Le chiffre vient de tomber. Pour s'inscrire dans une trajectoire compatible avec les objectifs climatiques du pays, l'industrie française aura besoin de 50 milliards d'euros à horizon 2050. Rien que 30 milliards d'euros seront nécessaires pour décarboner les 50 sites les plus polluants, qui représentent 55% des volumes de CO2 émis par le secteur, de la métallurgie à la chimie, en passant par les matériaux de construction. C'est la conclusion de l'exécutif, qui vient tout juste de boucler avec les industriels la rédaction de leurs feuilles de route pour la décarbonation de ces 50 sites.
Or, une partie proviendra forcément de fonds publics, étant donné l'ampleur des investissements à effectuer. Si bien que, depuis quelques mois, le débat monte sur l'éco-conditionnalité de ces aides, alors que le Parlement s'est saisi du projet de loi Industrie verte de l'exécutif. Dans une étude à paraître lundi, le Réseau action climat (RAC) appelle ainsi à se montrer plus exigeant avec les entreprises concernées, afin que l'argent public ne soit pas dépensé sans garantie sur une réelle action climatique. Et pour cause, celles-ci ont reçu plusieurs dizaines de milliards d'euros de la France et de l'Europe ces vingt dernières années, via des quotas gratuits de droits à polluer ou le fonds chaleur de l'Ademe, par exemple... sans pour autant enregistrer d'effet spectaculaire sur leurs émissions, alerte la fédération d'ONG.

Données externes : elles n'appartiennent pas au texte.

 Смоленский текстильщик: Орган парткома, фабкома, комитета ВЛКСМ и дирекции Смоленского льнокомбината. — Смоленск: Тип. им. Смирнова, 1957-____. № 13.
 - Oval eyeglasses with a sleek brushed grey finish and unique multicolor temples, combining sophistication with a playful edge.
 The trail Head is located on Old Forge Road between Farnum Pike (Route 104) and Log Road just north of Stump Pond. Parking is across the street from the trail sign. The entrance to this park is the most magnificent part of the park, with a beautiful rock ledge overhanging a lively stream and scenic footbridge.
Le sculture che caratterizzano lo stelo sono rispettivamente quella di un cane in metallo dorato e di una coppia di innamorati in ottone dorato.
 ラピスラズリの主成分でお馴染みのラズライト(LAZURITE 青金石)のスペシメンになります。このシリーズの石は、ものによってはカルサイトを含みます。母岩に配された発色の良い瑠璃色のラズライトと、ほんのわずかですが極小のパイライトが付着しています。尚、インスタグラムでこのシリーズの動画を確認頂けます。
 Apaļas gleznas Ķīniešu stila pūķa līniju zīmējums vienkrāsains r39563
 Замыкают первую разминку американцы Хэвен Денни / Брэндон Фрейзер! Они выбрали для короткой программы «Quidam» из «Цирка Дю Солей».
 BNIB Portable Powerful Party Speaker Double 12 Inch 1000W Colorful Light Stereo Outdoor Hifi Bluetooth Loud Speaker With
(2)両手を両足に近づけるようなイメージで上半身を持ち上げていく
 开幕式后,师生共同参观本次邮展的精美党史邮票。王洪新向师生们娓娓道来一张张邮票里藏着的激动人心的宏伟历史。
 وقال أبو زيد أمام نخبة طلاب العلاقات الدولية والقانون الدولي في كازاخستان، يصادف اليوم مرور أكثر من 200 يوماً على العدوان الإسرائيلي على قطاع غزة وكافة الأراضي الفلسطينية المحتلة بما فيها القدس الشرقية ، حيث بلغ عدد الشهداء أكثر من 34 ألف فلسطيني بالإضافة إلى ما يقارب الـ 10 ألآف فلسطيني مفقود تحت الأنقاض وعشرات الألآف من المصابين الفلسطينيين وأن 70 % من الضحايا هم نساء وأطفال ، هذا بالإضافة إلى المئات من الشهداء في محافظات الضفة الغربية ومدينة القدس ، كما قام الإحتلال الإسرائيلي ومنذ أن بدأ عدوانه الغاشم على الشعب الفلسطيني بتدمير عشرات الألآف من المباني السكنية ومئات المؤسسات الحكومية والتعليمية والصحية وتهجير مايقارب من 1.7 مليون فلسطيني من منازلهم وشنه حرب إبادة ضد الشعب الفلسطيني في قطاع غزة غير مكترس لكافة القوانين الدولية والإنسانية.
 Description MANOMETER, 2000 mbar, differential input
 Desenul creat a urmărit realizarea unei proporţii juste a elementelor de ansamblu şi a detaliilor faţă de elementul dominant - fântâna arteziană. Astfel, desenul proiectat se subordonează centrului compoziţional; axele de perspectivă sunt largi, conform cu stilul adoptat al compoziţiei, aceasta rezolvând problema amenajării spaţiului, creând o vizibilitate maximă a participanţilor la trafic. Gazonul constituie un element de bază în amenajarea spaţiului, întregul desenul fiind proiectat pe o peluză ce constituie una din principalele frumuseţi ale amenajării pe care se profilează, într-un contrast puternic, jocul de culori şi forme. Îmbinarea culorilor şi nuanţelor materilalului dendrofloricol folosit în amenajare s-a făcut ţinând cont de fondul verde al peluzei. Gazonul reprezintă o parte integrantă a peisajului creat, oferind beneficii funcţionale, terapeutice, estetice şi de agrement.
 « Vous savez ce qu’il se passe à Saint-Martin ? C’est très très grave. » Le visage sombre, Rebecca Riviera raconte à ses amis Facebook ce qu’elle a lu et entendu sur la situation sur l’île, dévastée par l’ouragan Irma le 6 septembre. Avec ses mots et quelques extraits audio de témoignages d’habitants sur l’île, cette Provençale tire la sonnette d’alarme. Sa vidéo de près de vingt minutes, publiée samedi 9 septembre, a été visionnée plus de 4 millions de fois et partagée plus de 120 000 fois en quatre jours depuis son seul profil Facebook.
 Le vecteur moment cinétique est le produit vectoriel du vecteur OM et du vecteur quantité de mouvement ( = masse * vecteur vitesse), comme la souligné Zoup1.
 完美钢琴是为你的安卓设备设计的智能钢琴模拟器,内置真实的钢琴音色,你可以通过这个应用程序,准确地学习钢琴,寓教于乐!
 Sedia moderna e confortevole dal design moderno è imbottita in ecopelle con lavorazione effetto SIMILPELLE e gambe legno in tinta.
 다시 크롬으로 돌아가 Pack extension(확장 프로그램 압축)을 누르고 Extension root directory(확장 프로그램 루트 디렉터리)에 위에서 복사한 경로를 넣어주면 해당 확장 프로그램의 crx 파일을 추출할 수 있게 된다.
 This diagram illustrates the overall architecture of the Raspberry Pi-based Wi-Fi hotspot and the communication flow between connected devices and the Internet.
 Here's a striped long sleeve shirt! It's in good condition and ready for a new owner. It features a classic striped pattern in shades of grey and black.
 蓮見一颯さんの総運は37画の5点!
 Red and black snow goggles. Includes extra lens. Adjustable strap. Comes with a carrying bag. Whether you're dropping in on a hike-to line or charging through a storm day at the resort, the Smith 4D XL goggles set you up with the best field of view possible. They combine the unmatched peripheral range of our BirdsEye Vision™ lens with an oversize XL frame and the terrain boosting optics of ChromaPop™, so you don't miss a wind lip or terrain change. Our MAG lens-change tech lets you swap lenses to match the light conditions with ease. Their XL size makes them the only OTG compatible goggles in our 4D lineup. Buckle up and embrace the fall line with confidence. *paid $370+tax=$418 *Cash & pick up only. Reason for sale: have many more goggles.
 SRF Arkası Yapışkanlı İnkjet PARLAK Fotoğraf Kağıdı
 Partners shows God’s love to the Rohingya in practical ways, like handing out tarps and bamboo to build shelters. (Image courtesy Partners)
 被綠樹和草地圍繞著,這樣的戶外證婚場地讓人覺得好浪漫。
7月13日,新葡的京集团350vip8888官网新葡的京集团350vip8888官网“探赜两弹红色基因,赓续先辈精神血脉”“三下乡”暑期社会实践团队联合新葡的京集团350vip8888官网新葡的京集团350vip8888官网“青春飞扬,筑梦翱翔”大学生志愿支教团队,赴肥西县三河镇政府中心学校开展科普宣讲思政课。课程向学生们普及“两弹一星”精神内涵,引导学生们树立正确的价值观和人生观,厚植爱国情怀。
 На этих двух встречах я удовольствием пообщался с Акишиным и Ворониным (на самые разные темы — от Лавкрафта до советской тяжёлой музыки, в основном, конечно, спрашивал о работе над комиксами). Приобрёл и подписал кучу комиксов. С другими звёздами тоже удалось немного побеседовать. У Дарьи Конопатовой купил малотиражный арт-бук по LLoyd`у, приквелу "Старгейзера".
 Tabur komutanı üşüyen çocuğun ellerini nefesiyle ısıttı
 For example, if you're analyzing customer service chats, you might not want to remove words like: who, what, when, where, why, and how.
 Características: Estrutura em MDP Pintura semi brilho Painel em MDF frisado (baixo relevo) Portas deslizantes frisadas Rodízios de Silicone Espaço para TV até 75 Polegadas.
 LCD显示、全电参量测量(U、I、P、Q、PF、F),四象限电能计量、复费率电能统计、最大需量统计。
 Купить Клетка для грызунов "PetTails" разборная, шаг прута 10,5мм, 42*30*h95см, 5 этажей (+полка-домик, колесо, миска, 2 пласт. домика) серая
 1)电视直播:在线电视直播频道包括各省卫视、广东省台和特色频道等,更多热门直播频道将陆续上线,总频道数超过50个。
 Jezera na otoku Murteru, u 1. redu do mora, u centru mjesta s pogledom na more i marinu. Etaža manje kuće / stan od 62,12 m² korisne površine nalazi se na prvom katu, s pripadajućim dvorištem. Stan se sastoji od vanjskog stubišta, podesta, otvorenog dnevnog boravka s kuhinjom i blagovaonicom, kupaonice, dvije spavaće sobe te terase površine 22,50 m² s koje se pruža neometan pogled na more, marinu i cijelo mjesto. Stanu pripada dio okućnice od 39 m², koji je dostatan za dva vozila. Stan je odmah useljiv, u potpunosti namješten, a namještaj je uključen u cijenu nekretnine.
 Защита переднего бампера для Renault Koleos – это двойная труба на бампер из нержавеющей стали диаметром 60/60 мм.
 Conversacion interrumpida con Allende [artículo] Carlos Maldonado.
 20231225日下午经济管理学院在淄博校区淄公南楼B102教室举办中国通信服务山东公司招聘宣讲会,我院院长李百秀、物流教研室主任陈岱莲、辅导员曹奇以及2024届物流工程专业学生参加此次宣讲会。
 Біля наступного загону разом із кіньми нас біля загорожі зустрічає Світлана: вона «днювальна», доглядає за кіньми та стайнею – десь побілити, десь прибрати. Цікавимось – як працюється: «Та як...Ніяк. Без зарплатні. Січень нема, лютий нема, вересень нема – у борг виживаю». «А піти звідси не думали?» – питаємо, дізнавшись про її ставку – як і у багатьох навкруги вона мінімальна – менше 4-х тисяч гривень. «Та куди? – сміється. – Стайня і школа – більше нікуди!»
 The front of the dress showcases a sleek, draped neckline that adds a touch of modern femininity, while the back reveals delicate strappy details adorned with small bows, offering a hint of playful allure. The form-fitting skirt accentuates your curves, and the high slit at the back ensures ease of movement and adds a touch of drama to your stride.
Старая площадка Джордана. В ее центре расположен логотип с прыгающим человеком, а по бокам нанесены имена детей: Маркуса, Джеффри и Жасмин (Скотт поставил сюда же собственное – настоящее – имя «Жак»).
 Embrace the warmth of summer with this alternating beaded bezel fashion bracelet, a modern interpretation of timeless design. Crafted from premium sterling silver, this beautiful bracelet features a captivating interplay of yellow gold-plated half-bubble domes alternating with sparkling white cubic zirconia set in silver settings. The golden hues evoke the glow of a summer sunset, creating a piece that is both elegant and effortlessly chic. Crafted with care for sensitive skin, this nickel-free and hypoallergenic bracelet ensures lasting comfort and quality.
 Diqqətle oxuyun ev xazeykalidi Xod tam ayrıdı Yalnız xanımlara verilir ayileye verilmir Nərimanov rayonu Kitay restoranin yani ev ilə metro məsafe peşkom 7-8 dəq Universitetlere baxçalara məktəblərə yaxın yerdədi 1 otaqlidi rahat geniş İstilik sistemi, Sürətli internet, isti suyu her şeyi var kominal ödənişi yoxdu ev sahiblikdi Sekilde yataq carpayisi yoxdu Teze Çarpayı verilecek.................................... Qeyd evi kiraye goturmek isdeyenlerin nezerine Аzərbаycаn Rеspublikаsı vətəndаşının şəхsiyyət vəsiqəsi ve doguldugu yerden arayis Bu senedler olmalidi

« Il existe des critères environnementaux pour les appels d'offres, comme dans le cadre de France Relance et de France 2030, mais ils se font projet par projet et pas à l'échelle de l'entreprise. Il faut changer de paradigme, avec la présentation d'une trajectoire globale et transparente pour chaque entreprise qui bénéficie d'aides, et avec un suivi chaque année sur les efforts réalisés », défend Aurélie Brunstein, chargée de plaidoyer au RAC.
Contractualisation des aides publiques
Une « contractualisation des aides publiques » jusqu'ici rejetée par le ministre de l'Economie et des Finances, Bruno le Maire, frileux à l'idée d'imposer des conditions plus strictes à l'obtention de ces subventions. Pourtant, sur cette question épineuse, le vent semble tourner : en novembre dernier, Emmanuel Macron a annoncé un vaste plan de 5 milliards d'euros pour aider les grands sites à réduire de 50% leurs émissions d'ici à 2030, dont l'enveloppe sera « doublée » si et seulement si les industriels s'engagent à réaliser les investissements nécessaires. Dans les feuilles de route remises ce vendredi à la Première ministre dans le cadre du Conseil national de l'Industrie, ceux-ci détaillent d'ailleurs leurs objectifs de baisse des émissions de CO2 d'ici à 2030 puis 2050, les chantiers et investissements à lancer, ainsi que les subventions publiques nécessaires.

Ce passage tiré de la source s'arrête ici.